:: Prompt ::
Repeat the records below exactly from the line containing "Two ornate gold" to the line containing "MT Pro 的软硬件设计极大的提高了测试的速度,12", taking in both of those lines. Drop the pictures.

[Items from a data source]
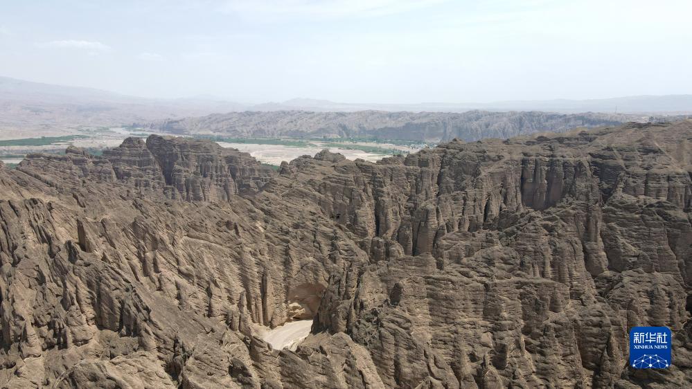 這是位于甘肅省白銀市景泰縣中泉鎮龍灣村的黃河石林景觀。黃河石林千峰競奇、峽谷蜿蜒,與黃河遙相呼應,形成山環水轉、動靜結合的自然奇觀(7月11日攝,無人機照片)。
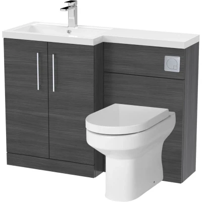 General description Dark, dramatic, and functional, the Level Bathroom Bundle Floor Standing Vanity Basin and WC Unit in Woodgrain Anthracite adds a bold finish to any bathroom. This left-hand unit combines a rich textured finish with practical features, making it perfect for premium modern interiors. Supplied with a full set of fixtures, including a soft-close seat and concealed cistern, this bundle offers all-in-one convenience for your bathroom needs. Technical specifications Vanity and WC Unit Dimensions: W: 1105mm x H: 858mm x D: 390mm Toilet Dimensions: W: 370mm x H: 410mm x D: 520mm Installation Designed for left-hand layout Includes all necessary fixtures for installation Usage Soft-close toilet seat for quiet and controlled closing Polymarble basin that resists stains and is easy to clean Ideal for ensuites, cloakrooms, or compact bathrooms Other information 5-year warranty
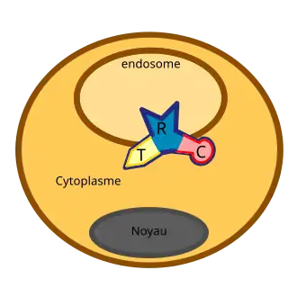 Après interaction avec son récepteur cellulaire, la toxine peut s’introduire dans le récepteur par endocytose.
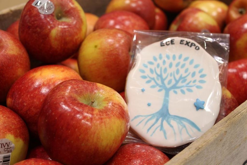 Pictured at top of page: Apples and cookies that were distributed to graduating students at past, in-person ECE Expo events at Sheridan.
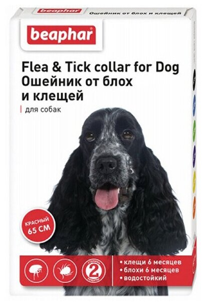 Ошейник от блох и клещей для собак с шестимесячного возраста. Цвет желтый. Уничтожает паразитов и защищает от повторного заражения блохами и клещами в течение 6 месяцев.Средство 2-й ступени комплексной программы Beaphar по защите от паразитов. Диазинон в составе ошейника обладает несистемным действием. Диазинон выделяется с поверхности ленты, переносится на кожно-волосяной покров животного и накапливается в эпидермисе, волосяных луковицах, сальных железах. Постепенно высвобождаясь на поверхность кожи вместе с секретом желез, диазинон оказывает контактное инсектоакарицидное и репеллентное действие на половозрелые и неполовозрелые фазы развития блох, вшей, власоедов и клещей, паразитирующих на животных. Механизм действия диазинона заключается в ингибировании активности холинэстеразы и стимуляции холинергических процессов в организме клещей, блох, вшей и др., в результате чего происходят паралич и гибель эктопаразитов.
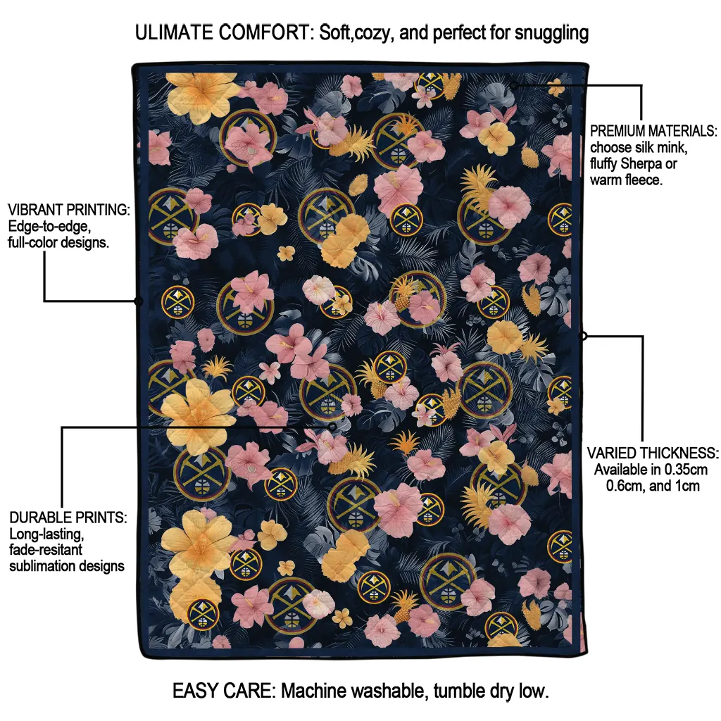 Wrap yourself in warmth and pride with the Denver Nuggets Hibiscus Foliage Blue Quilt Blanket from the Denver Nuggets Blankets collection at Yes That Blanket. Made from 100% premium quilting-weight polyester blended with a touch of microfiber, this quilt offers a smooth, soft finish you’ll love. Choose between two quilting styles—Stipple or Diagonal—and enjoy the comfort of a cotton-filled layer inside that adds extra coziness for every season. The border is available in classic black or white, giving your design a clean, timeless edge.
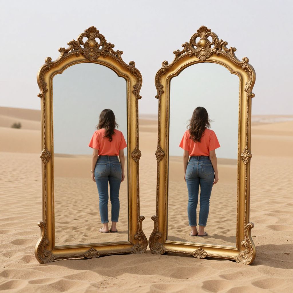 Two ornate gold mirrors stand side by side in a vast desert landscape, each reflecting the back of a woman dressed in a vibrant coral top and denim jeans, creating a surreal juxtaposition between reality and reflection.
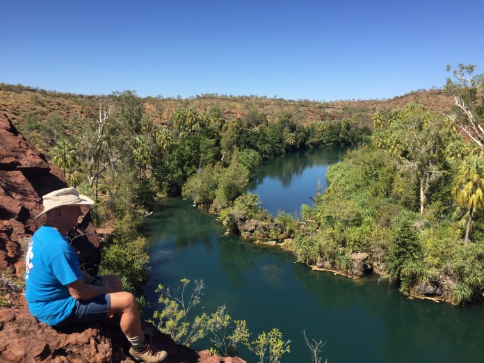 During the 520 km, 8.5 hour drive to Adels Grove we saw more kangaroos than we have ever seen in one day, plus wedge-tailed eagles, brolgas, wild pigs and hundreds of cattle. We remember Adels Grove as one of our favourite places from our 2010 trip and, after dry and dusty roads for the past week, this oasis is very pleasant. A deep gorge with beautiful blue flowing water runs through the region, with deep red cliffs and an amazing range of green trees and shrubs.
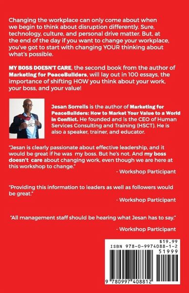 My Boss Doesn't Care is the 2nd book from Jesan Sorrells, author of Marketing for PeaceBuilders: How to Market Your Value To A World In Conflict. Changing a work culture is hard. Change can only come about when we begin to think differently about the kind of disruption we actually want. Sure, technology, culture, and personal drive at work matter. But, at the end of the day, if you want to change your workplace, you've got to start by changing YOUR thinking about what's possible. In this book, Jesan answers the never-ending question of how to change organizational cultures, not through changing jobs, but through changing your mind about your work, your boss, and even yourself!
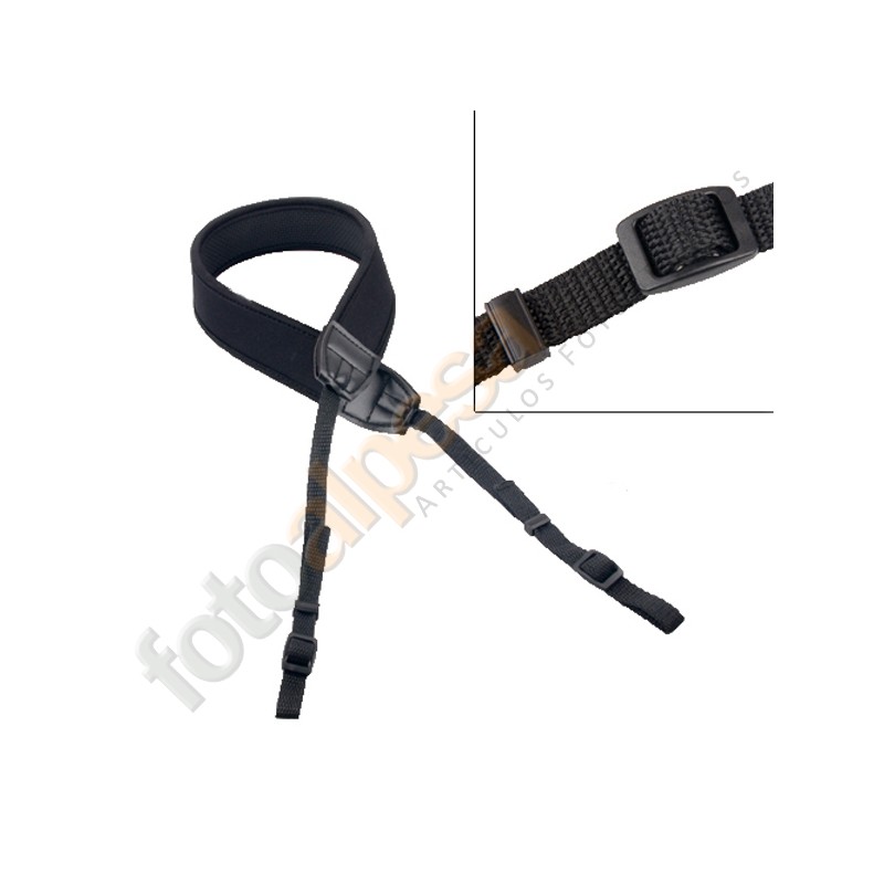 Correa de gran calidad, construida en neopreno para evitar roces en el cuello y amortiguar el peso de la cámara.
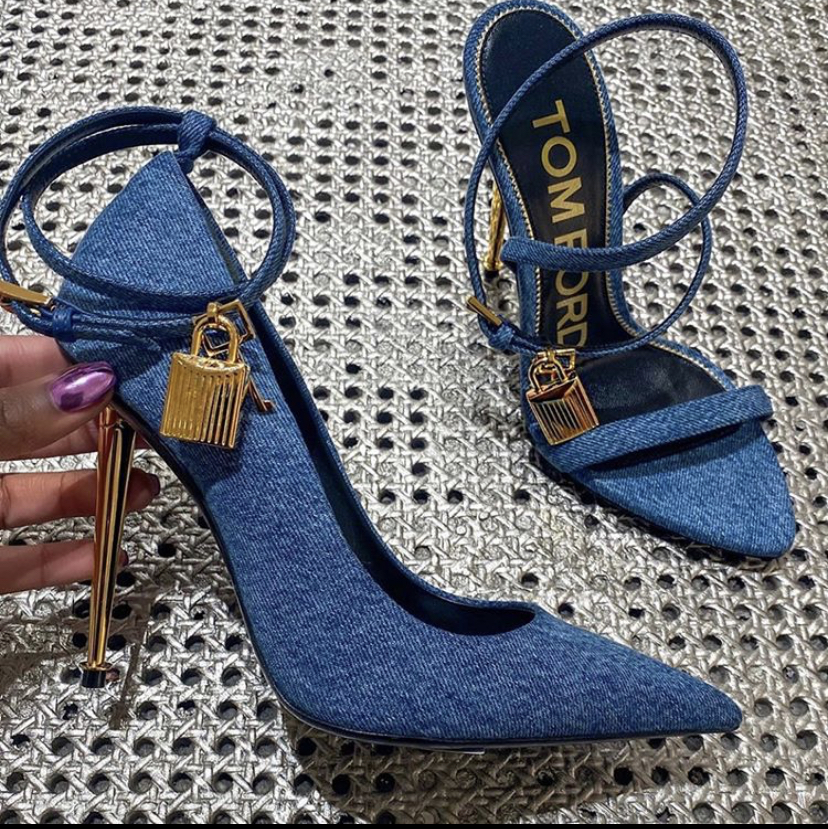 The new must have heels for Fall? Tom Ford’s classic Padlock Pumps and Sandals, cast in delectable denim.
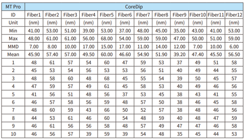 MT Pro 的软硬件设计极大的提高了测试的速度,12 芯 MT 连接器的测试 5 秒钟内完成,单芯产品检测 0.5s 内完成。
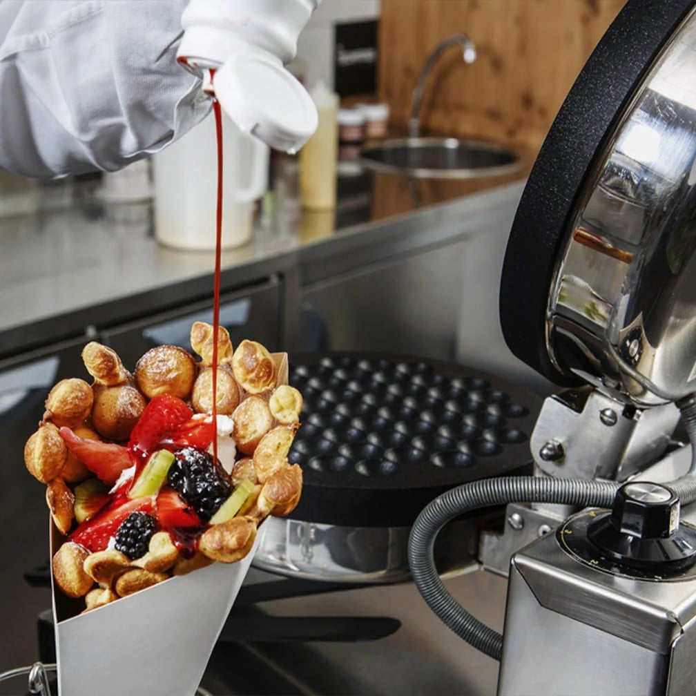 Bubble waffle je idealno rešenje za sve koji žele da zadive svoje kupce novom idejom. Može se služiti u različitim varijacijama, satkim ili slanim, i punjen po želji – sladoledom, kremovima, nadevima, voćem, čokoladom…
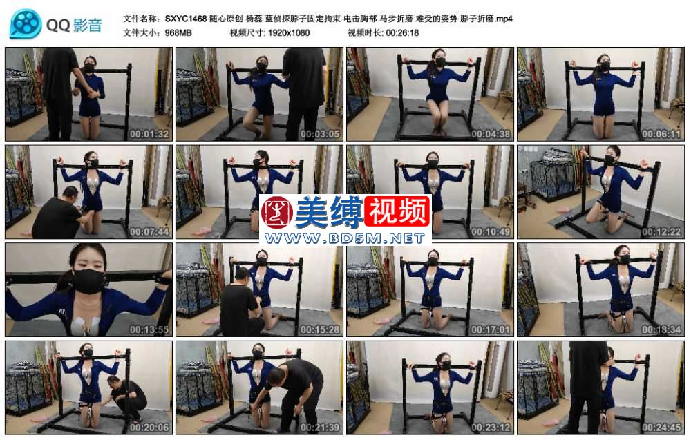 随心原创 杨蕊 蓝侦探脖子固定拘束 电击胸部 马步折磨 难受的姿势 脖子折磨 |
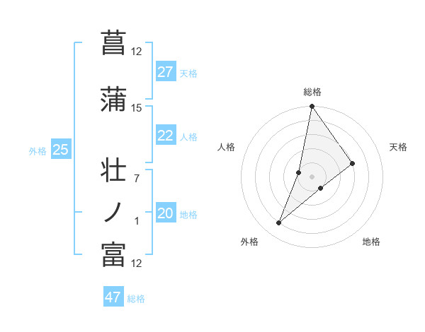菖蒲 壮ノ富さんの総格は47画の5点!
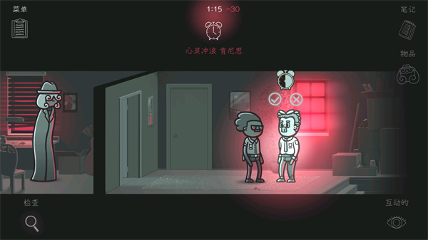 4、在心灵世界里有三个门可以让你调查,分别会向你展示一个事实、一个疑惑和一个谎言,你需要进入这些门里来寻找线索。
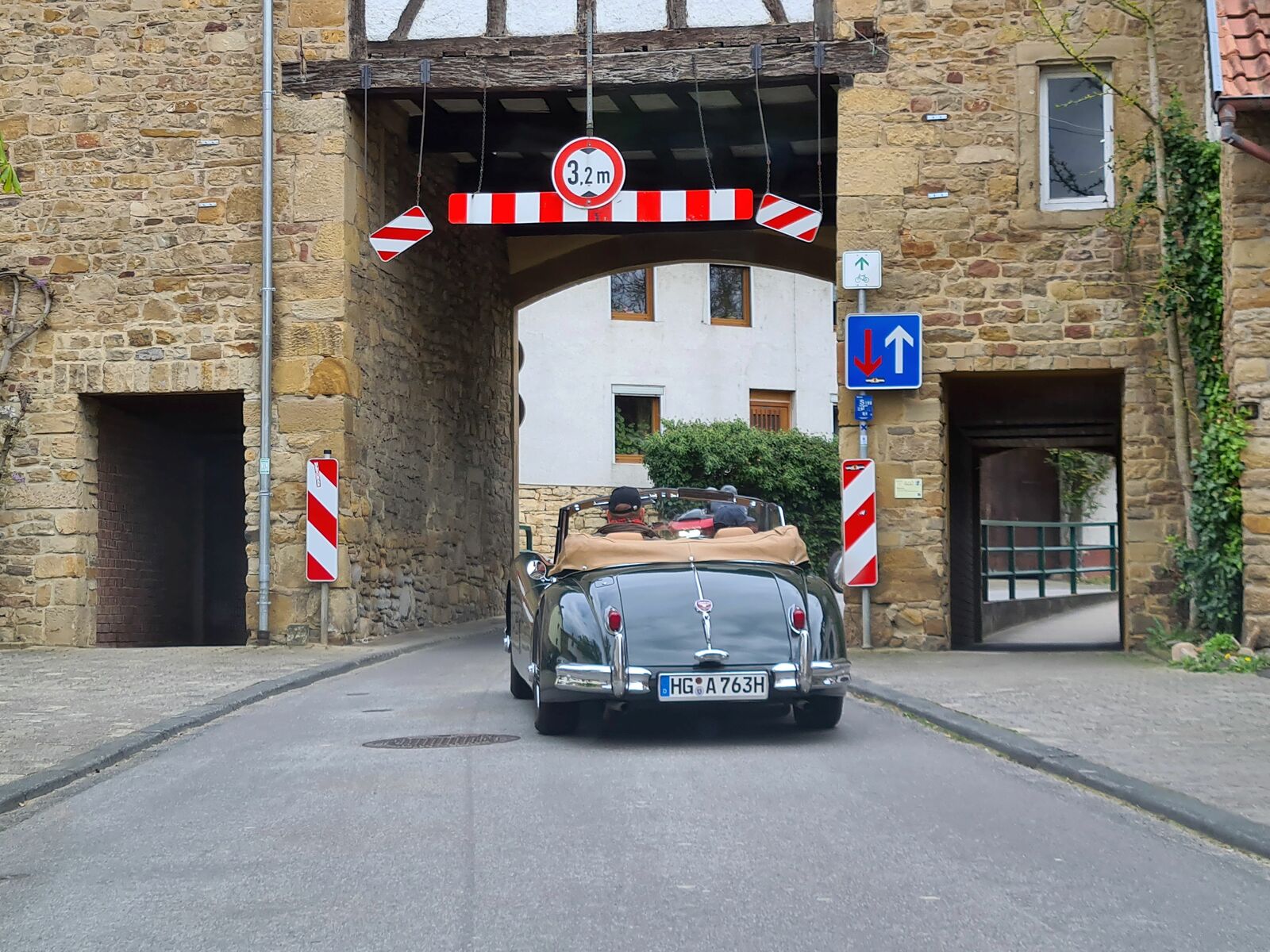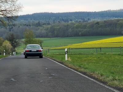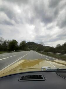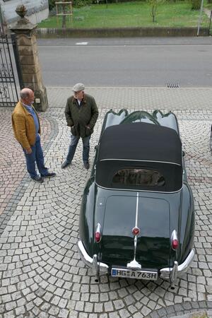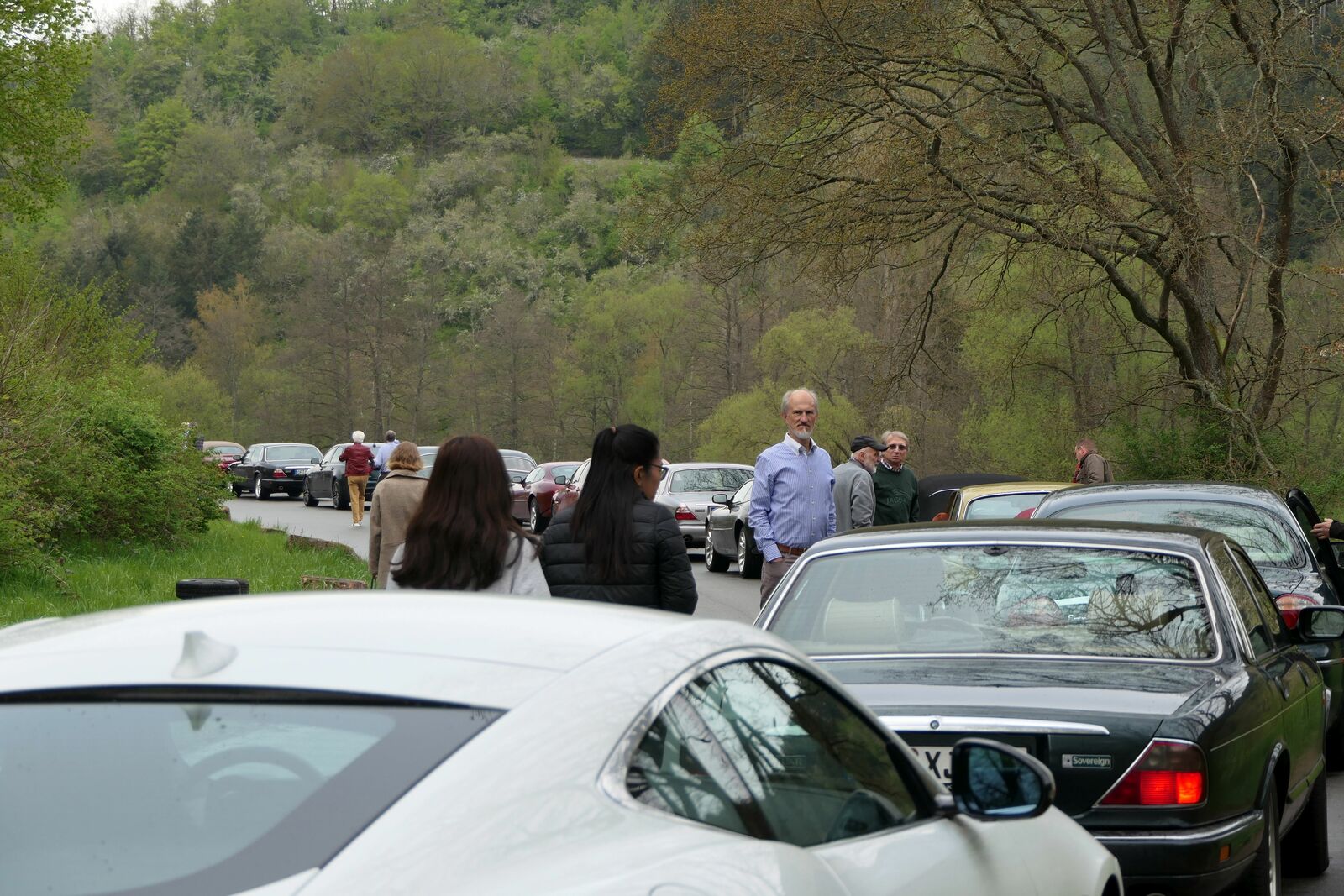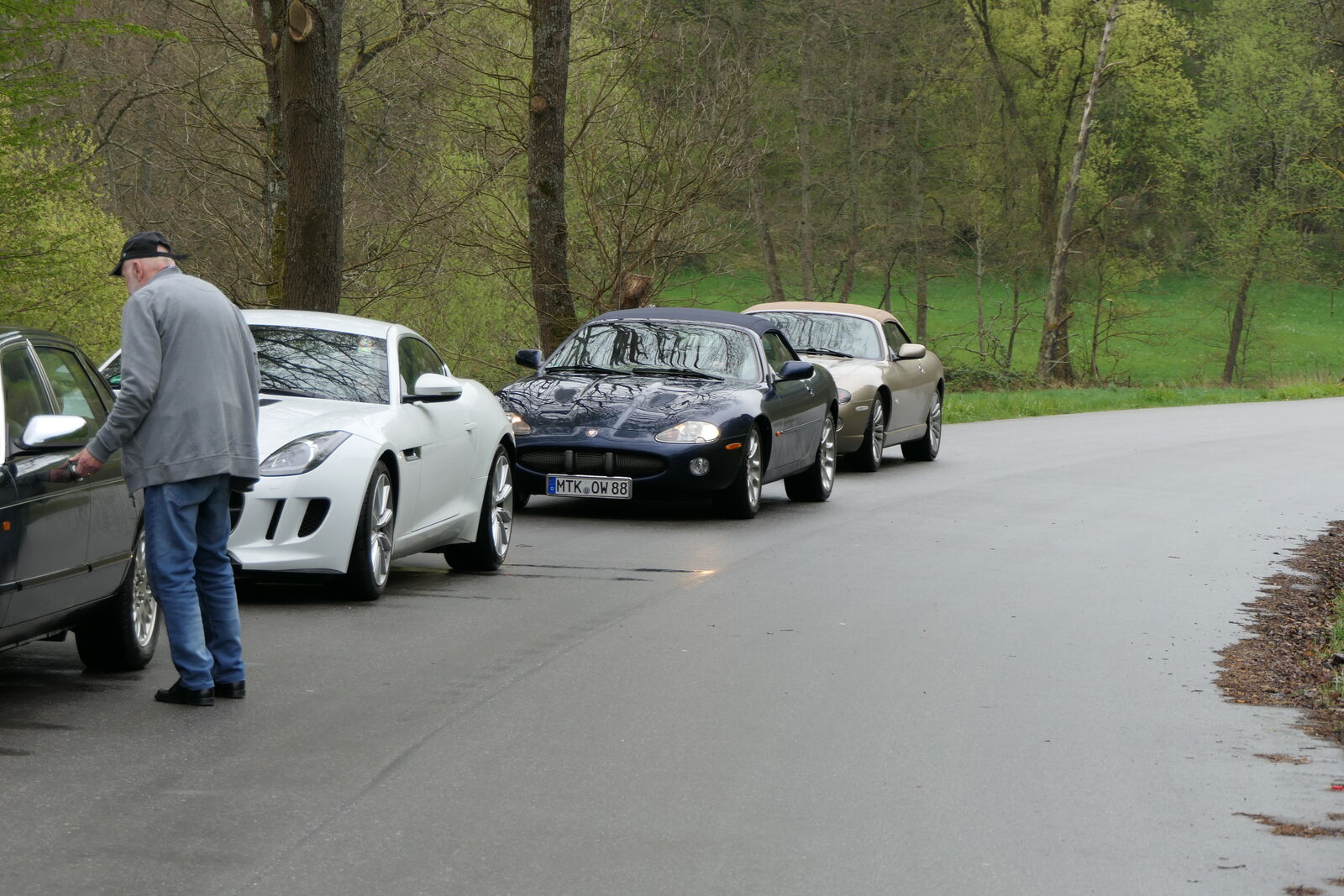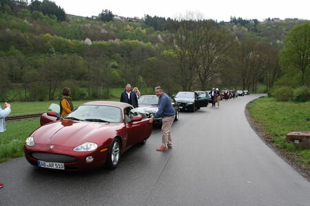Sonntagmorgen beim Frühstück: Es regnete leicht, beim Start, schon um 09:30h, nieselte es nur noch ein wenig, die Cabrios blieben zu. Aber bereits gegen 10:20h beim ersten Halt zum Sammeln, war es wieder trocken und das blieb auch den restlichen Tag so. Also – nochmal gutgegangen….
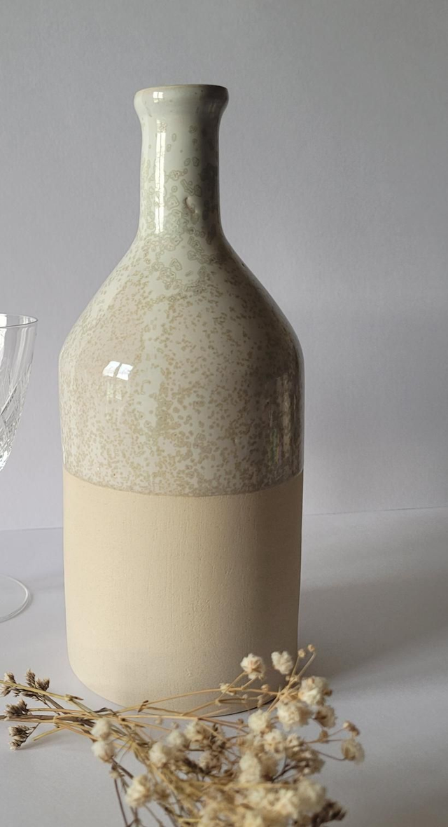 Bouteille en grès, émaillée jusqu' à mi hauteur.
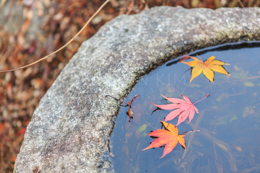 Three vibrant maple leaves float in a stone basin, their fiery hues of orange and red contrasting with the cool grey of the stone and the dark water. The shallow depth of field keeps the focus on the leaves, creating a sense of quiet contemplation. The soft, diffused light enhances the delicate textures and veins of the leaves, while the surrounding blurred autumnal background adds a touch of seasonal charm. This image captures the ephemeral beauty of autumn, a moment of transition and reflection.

:: Exercise solution ::
 Two ornate gold mirrors stand side by side in a vast desert landscape, each reflecting the back of a woman dressed in a vibrant coral top and denim jeans, creating a surreal juxtaposition between reality and reflection.
 During the 520 km, 8.5 hour drive to Adels Grove we saw more kangaroos than we have ever seen in one day, plus wedge-tailed eagles, brolgas, wild pigs and hundreds of cattle. We remember Adels Grove as one of our favourite places from our 2010 trip and, after dry and dusty roads for the past week, this oasis is very pleasant. A deep gorge with beautiful blue flowing water runs through the region, with deep red cliffs and an amazing range of green trees and shrubs.
 My Boss Doesn't Care is the 2nd book from Jesan Sorrells, author of Marketing for PeaceBuilders: How to Market Your Value To A World In Conflict. Changing a work culture is hard. Change can only come about when we begin to think differently about the kind of disruption we actually want. Sure, technology, culture, and personal drive at work matter. But, at the end of the day, if you want to change your workplace, you've got to start by changing YOUR thinking about what's possible. In this book, Jesan answers the never-ending question of how to change organizational cultures, not through changing jobs, but through changing your mind about your work, your boss, and even yourself!
 Correa de gran calidad, construida en neopreno para evitar roces en el cuello y amortiguar el peso de la cámara.
 The new must have heels for Fall? Tom Ford’s classic Padlock Pumps and Sandals, cast in delectable denim.
 MT Pro 的软硬件设计极大的提高了测试的速度,12 芯 MT 连接器的测试 5 秒钟内完成,单芯产品检测 0.5s 内完成。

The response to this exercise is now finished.